Nasional

Sinergi Pemkab dan Polres Tanggamus, Datarajan Disiapkan Jadi Sentra Bawang Putih Grade A Nasional

Admin Diterbitkan 21:15 3 menit membaca
Ukuran Teks:

Benteng Fakta (Tanggamus) – Komitmen Pemerintah Kabupaten Tanggamus dalam memperkuat sektor pertanian kembali ditegaskan. Kali ini, Pemkab Tanggamus menyatakan dukungan penuh terhadap pengembangan budidaya bawang putih Grade A yang digagas Polres Tanggamus di Pekon Datarajan, Kecamatan Pulau Panggung.

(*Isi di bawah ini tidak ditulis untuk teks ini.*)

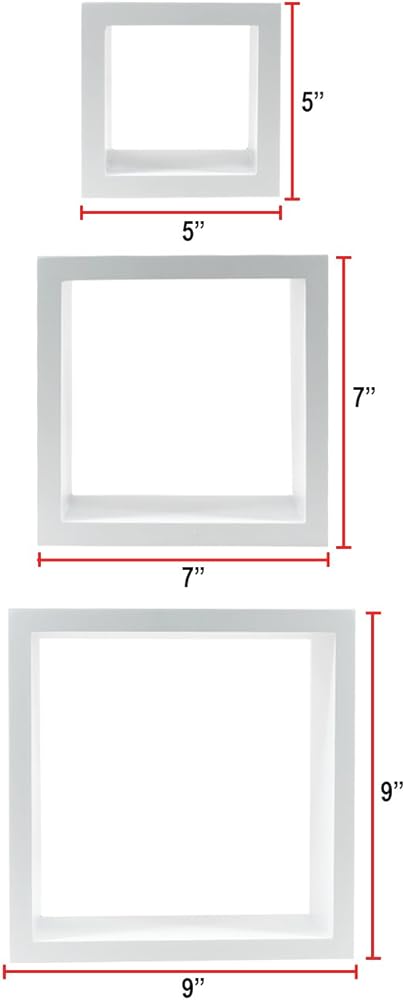 EASY TO INSTALL — Made of beautiful faux wood with a smooth matte finish — Attaches firmly to the wall without visible support — Minor assembly required — Mounting Hardware INCLUDED — Wipe clean with a dry cloth — Set of 3 square shelves, in different sizes — Measures approximately: Large 10”, Medium 8”, and Small 6” inch square (Depth interior, from front to back is 3.50")

Dukungan tersebut disampaikan Bupati Tanggamus, Drs. H. Moh. Saleh Asnawi, M.A., M.H., saat menerima audiensi jajaran Polres Tanggamus yang dipimpin Wakapolres Kompol Freddy Aprisa Putra, S.H., M.H., di Ruang Rapat Kantor Bupati Tanggamus, Rabu (29/7/2026).

Bupati didampingi Asisten Perekonomian dan Pembangunan Setdakab Tanggamus Hendra Wijaya, Kepala Dinas Komunikasi dan Informatika Suhartono, Sekretaris Dinas Tanaman Pangan dan Hortikultura Rahmat Hidayat, Kabag Ekobang Evi Silvia, serta jajaran Pemerintah Kabupaten Tanggamus. Sementara Wakapolres hadir bersama para Pejabat Utama Polres Tanggamus dan sejumlah kapolsek.

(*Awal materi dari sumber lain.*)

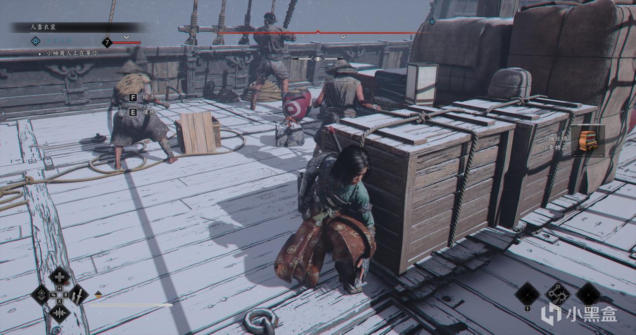小袖先需要去找丝绸,我们从千利休家出门,左手海边船上去偷丝绸。

Dalam pemaparannya, Kompol Freddy menjelaskan bahwa program budidaya bawang putih di Datarajan telah memasuki masa panen perdana di lahan seluas satu hektare. Hasil panen mencapai sekitar 4–5 ton dengan kualitas Grade A, setelah mendapat pendampingan dari tim asistensi Sembalun, Lombok, serta Balai Pengawasan dan Sertifikasi Benih (BPSB) Provinsi Lampung.

“Hasilnya sangat bagus, masuk Grade A dengan ukuran umbi di atas standar. Panen pertama ini menghasilkan sekitar 4 sampai 5 ton dan seluruhnya diprioritaskan sebagai bibit pengembangan lahan berikutnya, bukan untuk diperjualbelikan,” ujar Kompol Freddy.

Ia menambahkan, keberhasilan tersebut mendapat perhatian pemerintah pusat setelah program ketahanan pangan Polri dipaparkan Kapolri di hadapan Presiden Republik Indonesia. Saat ini, Tanggamus bersama Lampung Barat menjadi daerah yang diprioritaskan dalam pengembangan bawang putih nasional.

Sebagai bentuk keseriusan, Polres Tanggamus juga telah mengirim perwakilan kelompok tani dan personel mengikuti bimbingan teknis budidaya bawang putih di Sembalun, Lombok, guna meningkatkan kapasitas petani lokal.

Menanggapi capaian tersebut, Bupati Moh. Saleh Asnawi memberikan apresiasi tinggi dan menilai kawasan Datarajan memiliki potensi besar untuk berkembang menjadi sentra bawang putih unggulan di Lampung.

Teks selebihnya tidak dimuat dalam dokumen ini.